This one is new and quite important: use it to initialize a Boot Environment for a dataset that already exists (you probably only need it for rpool/ROOT/pve-1 or whenever you’ve created snapshots by hand), but it’s nice to have.

  if $(zfs get canmount rpool/ROOT/$be_name | grep -q on)
  then
    zfs set canmount=off ${POOL}/${BEDS}/$be_name
  fi

  __get_active_be_from_esp

  # [...]

  old_be_name="$(cat /etc/kernel/cmdline | tr ' ' '\n' | grep root | cut -d '/' -f3)"
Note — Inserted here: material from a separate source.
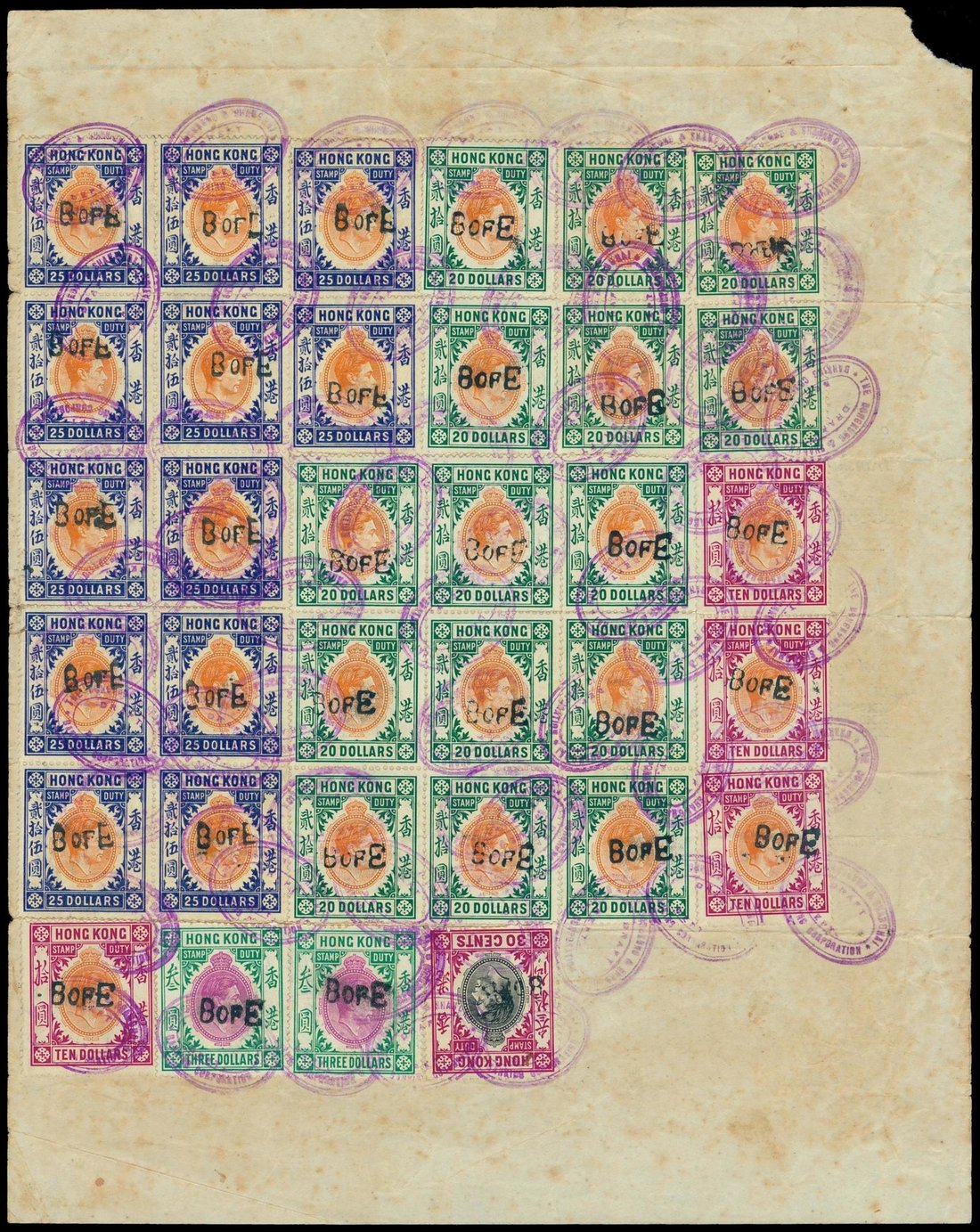1950 (18 Mar.) A document issued by HSBC regarding the telegraphic transfer of 200,000 Sterling (equivalent to $3 million Hong Kong dollar plus) to Chase Bank, Hong Kong, with the cost of stamp duty of $646.3, bearing on reverse K.G.VI. Stamp Duty 30c. single, $3 (2), $10(4), $20 (15), $25 (12), all with "B of E" overprint in black and tied by "The Hongkong & Shanghai Banking Corporation/Draft Dept." oval h.s. in violet; unusal for such high amount transferred in during 1950s. Photo

  cat /etc/kernel/cmdline.template | sed "s/__BE_NAME/$be_name/" > /etc/kernel/cmdline

  pve-efiboot-tool refresh

  cat /etc/kernel/cmdline.template | sed "s/__BE_NAME/$old_be_name/" > /etc/kernel/cmdline

  for esp in $(cat /etc/kernel/pve-efiboot-uuids)
  do
    mount /dev/disk/by-uuid/$esp /boot/efi
    mkdir -p /boot/efi/env/$be_name
    cp -r /boot/efi/EFI/proxmox/* /boot/efi/env/$be_name/
    cat /boot/efi/loader/loader.conf | sed "/default/c\default $be_name-*" > /boot/efi/env/$be_name/loader.conf
    for entry in $(ls /boot/efi/loader/entries/ | grep proxmox-.*-pve.conf)
    do
      new_entry="$(echo $entry | sed "s/proxmox/$be_name/;s/-pve//")"
      cp /boot/efi/loader/entries/$entry /boot/efi/loader/entries/$new_entry
      sed -i "s/EFI/env/" /boot/efi/loader/entries/$new_entry
      sed -i "s/proxmox/$be_name/" /boot/efi/loader/entries/$new_entry
      sed -i "s/Proxmox Virtual Environment/$be_name/" /boot/efi/loader/entries/$new_entry
    done
    rm -f /boot/efi/loader/loader.conf
    cp /tmp/beadm/loader.conf /boot/efi/loader/loader.conf
    umount /boot/efi
  done

The list Parameter

We check if we find a file containing the loader.conf in /tmp, if not we mount a ESP and copy loader.conf to /tmp, unmount the ESP and use this file to store the name of the next active BE. Apart from that, we can just create some output containing basically the same information as the original beadm list produces:

  zfs_list="$(zfs list -H -t filesystem,snapshot,volume -s creation -o name,used,usedds,usedbysnapshots,usedrefreserv,refer,creation,origin -r $POOL/$BEDS | grep "^$POOL/$BEDS/" | sed 's/\t/,/g;s/\n/;/g;s/ /_/g')"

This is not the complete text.